Machine learning: Data Transform - Part 7 - How to Derive New Input Variables

Often, the input features for a predictive modeling task interact in unexpected and often nonlinear ways. These interactions can be identified and modeled by a learning algorithm. Another approach is to engineer new features that expose these interactions and see if they improve model performance.

Transforms like raising input variables to a power can help to better expose the important relationships between input variables and the target variable.

In this tutorial, you will discover how to use polynomial feature transforms for feature engineering with numerical input variables. After completing this tutorial, you will know:

Some machine learning algorithms prefer or perform better with polynomial input features.
How to use the polynomial features transform to create new versions of input variables for predictive modeling.
How the degree of the polynomial impacts the number of input features created by the transform.

This tutorial is divided into four parts; they are:

Polynomial Features
Polynomial Feature Transform
Polynomial Feature Transform Example
Effect of Polynomial Degree

A. Polynomial Features

Polynomial features are those features created by raising existing features to an exponent. For example, if a dataset had one input feature X, then a polynomial feature would be the addition of a new feature (column) where values were calculated by squaring the values in X, e.g. X2.

This process can be repeated for each input variable in the dataset, creating a transformed version of each. As such, polynomial features are a type of feature engineering, e.g. the creation of new input features based on the existing features.

The degree of the polynomial is used to control the number of features added, e.g. a degree of 3 will add two new variables for each input variable. Typically a small degree is used such as 2 or 3.

It is also common to add new variables that represent the interaction between features, e.g a new column that represents one variable multiplied by another. This too can be repeated for each input variable creating a new interaction variable for each pair of input variables.

A squared or cubed version of an input variable will change the probability distribution, separating the small and large values, a separation that is increased with the size of the exponent.

This separation can help some machine learning algorithms make better predictions and is common for regression predictive modeling tasks and generally tasks that have numerical input variables. Typically linear algorithms, such as linear regression and logistic regression, respond well to the use of polynomial input variables.

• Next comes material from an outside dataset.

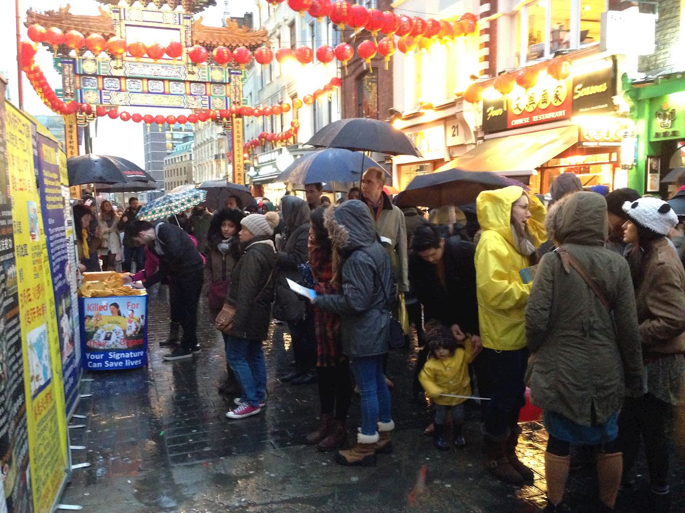 一月二十九日是初二,因为有当地社区庆祝新年的活动,伦敦唐人街人山人海,法轮功学员抓紧机会冒雨向广大民众传播法轮功真相,法轮功真相传单递到成百上千人的手中,炼功学员、真相展板和明慧真相广播吸引了众多华人目光。

For example, when used as input to a linear regression algorithm, the method is more broadly referred to as polynomial regression.

B. Polynomial Feature Transform

The polynomial features transform is available in the scikit-learn Python machine learning library via the PolynomialFeatures class. The features created include:

The bias (the value of 1.0)
Values raised to a power for each degree (e.g. x1, x2, x3, ...)
Interactions between all pairs of features (e.g. x1 × x2, x1 × x3, ...)

For example, with two input variables with values 2 and 3 and a degree of 2, the features created would be:

1 (the bias)
2^1 = 2
3^1 = 3
2^2 = 4
3^2 = 9
2 * 3 = 6

# demonstrate the types of features created
from numpy import asarray
from sklearn.preprocessing import PolynomialFeatures
# define the dataset
data = asarray([[2,3],[2,3],[2,3]])
print(data)
# perform a polynomial features transform of the dataset
trans = PolynomialFeatures(degree=2)
data = trans.fit_transform(data)
print(data)

-----Result-----

[[2 3]
[2 3]
[2 3]]

[[1. 2. 3. 4. 6. 9.]
[1. 2. 3. 4. 6. 9.]
[1. 2. 3. 4. 6. 9.]]

The degree argument controls the number of features created and defaults to 2.
The interaction_only argument means that only the raw values (degree 1) and the interaction (pairs of values multiplied with each other) are included, defaulting to False.
The include_bias argument defaults to True to include the bias feature

C. Polynomial Feature Transform Example

We will use the Sonar dataset in this tutorial. It involves 60 real-valued inputs and a two-class target variable. There are 208 examples in the dataset and the classes are reasonably balanced.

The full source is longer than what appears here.